I've decided to purchase a couple of subwoofers for one of my 2-channel systems and I'm open to suggestions/advice. Music only, no HT. I'm limited on space and need to keep the size down to around 15" X 15" floor space. So far, I am considering the Sunfire HRS series, Elemental Designs A3S with 2-band parametric eq, and Definitive Technology Supercube II. I would also consider an SV Sound cylinder sub, but due to size I could only use one of those. A Hi-Fi dealer that I have been dealing with for over 30 years strongly recommends the Definitive Technology and uses these in his personal system with Magnepans. In general, I've always prefered the sound of subwoofers with passive radiators, but I'm open to other designs as well.


----------



## Jon Liu (May 21, 2007)

Mark, as far as music, I would like to suggest another company - Rythmik Audio.
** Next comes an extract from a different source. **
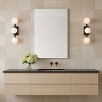 The Altair Wall Sconce is jewelry for your home. The smooth lineal frame holds strategically placed globes of glass, resembling beautiful pearls and casting warm shadows across your room. May be mounted horizontally or vertically.

http://www.rythmikaudio.com/F12G.html

That's touted as one incredibly musical sub.

Definitely worth checking out.


----------



## tonyvdb (Sep 5, 2007)

You have listed off some good quality subs I do strongly believe that the SVS subs offer the best for the money another company to look at is HSU If your only doing music The SVS SB12 Plus is the sub for you and is fairly small and has been discontinued so is on sale right now for $749.


----------



## drdoan (Aug 30, 2006)

I agree with the SVS suggestion. Althought the cylinder may be a great choice, too. Always get the best sub you can afford. You will be happier. Dennis


----------



## lsiberian (Mar 24, 2009)

I too suggest the SVS subs.


----------



## 2gumby2 (Nov 23, 2008)

I built a couple of Rythmic subs about 4 years ago and I know they are good, but I have too much going on right now to build another project. I'm going commercial this time. I'll take another look at what SVS has to offer. I heard one of their box and one of their cylinder designs a few years ago and thought they were pretty good. Anyone with experience with the other designs I mentioned - Elemental Designs A3S or Definitve Technology?


----------



## Jon Liu (May 21, 2007)

Mark,

Totally understandable about the lack of time. The Rythmik that I sent a link to is actually a fully built sub with a custom 12" driver designed by a guy named Danny Richie.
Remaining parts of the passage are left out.